India song
de Marguerite Duras

critiqué par Fee carabine, le 12 janvier 2006
( - 50 ans)


La note:  étoiles
Des voix, des images - des histoires, des amours
C'est l'histoire d'Anne-Marie Stretter et de Michael Richardson.
C'est l'histoire du Vice-consul de France à Lahore.
C'est l'histoire d'une mendiante qui a marché de Savannakhet au Laos jusqu'à Calcutta et à la rive du Gange, qui a marché pendant dix ans semant sa raison comme des cailloux sur son chemin.

C'est une histoire d'errance. C'est une histoire d'amour. C'est une histoire de mort.

Dans ce texte écrit pour le théâtre, mais qui n'est pas à proprement parler une pièce de théâtre, Marguerite Duras revisite deux de ses romans: "Le Vice-consul" et "Le ravissement de Lol V. Stein". Elle en reprend certains personnages et des éléments de l'intrigue sous un angle nouveau, et en adoptant un dispositif narratif original qui fait appel à des voix extérieures au récit, ce qui lui permet "de faire basculer le récit dans l'oubli pour le laisser à la disposition d'autres mémoires que celle de l'auteur: mémoires qui se souviendraient pareillement de n'importe quelle autre histoire d'amour. Mémoires déformantes, créatives." (p. 10) Pratiquement, quatre voix "off" (deux femmes et deux hommes) nous content à tour de rôle l'histoire d'Anne-Marie Stretter, de Michael Richardson et du Vice-consul de France à Lahore, tandis que les acteurs incarnant ces personnages jouent - en silence - l'action dont les voix nous font le récit, et le texte qui nous est donné à lire propose les dialogues entre les voix "off" entrelardés de (très) longues didascalies décrivant les intonations et les effets souhaités pour la déclamation du texte, ainsi que les gestes et les attitudes des acteurs.
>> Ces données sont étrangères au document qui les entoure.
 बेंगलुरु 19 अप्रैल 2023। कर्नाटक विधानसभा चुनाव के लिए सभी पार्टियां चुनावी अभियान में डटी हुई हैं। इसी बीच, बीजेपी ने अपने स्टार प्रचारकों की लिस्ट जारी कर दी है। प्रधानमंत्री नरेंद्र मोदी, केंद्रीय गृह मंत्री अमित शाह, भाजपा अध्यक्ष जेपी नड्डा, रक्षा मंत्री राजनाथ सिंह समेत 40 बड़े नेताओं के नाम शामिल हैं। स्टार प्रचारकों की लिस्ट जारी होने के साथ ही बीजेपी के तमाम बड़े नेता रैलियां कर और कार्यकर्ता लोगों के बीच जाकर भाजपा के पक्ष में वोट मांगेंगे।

"India Song" est un livre indéfinissable, pas vraiment roman, pas vraiment pièce de théâtre, pas vraiment poésie - mais un peu des trois. Un texte inclassable et déroutant qui malgré son aspect "mal léché" dégage un charme ensorcelant...
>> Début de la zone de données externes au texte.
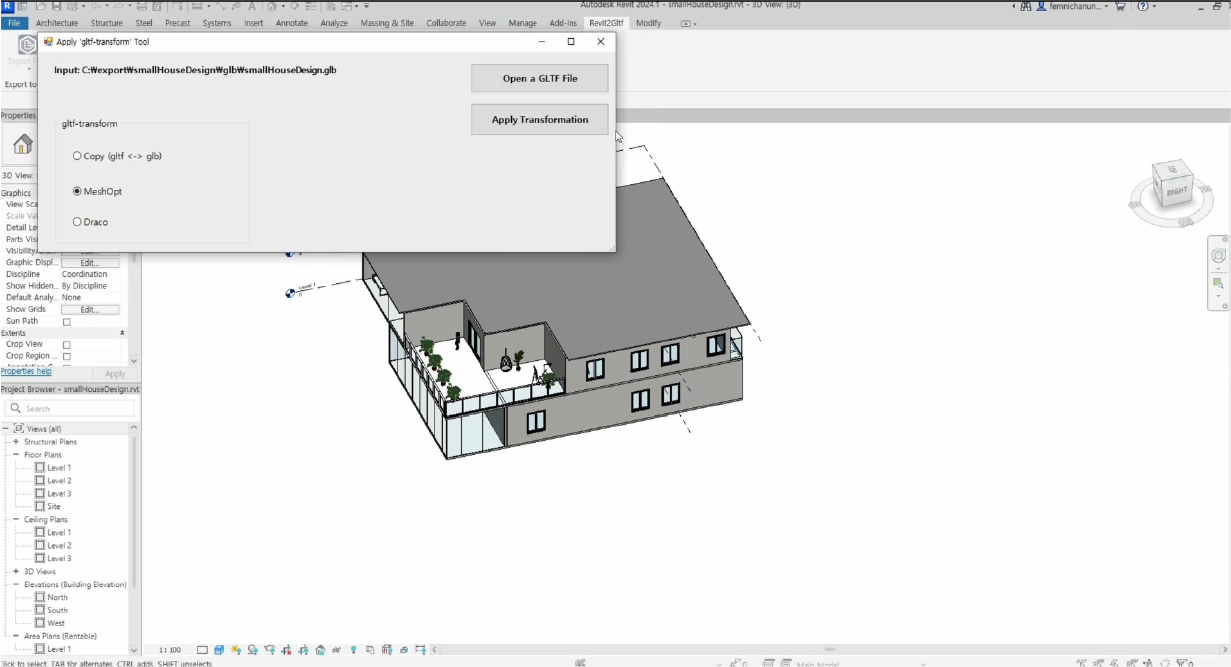 1. Export to GLTF: A function to use when converting a Revit file to a GLTF (text + bin) or GLB (binary) format.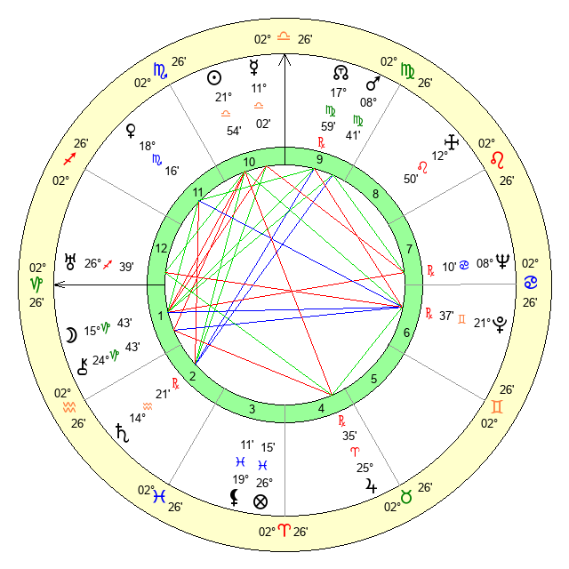 | Sun | 21 Libra 54 | 22 Libra 35 | 24 Aquarius 21 |

Deux ans après la publication d'"India Song", Marguerite Duras a elle-même porté son livre à l'écran avec notamment Delphine Seyrig, longiligne et langoureuse, dans le rôle d'Anne-Marie Stretter et Michael Lonsdale dans celui du Vice-consul. Le film conserve l'idée de la narration par des voix extérieures, mais la structure est ici beaucoup plus souple laissant place aussi à quelques dialogues. Marguerite Duras a pratiquement réécrit son texte de fond en comble, ou en tout cas, elle l'a complètement restructuré pour tirer le meilleur parti des possibilités techniques offertes pas le cinéma. Cela nous vaut un film tout aussi déroutant - et tout aussi fascinant - que le livre, un film baigné dans la même atmosphère étouffante et dans la langueur et l'ennui de l'attente de la mousson. Le livre et le film sont deux belles découvertes, révélant une facette moins connue de l'oeuvre de Margerite Duras.


Extrait (p. 40):

Les voix entrelacées, d'une douceur culminante, vont chanter la légende d'Anne-Marie Stretter. Récit très lent, mélopée faite de débris de mémoire, et au cours de laquelle, parfois, une phrase émergera, intacte, de l'oubli.

Voix 1
De Venise.
Elle était de Venise...

Voix 2
Oui. La musique, c'était à Venise.
Un espoir de la musique...

Voix 1 (temps)
N'a jamais cessé d'en faire?

Voix 2
Jamais.
Lenteur et longueur pour une caricature 4 étoiles

Marguerite Duras utilise lenteur, longueur et pauses pour se paraphraser elle-même, au risque de se caricaturer. Dans ce scénario, qui donne lieu à son film avec Michael Lonsdale, elle reprend, ni plus ni moins, la trame du Vice-consul, en accentuant davantage sur les amours contrariées. Si l'intérêt général demeure, les effets sont forcées, et finissent par devenir vains, dans une tonalité d'intellectualisme éthéré. Tout cela est bien pesant... et finalement assez agaçant. C'est dommage. L'idée originelle aurait pu devenir originale.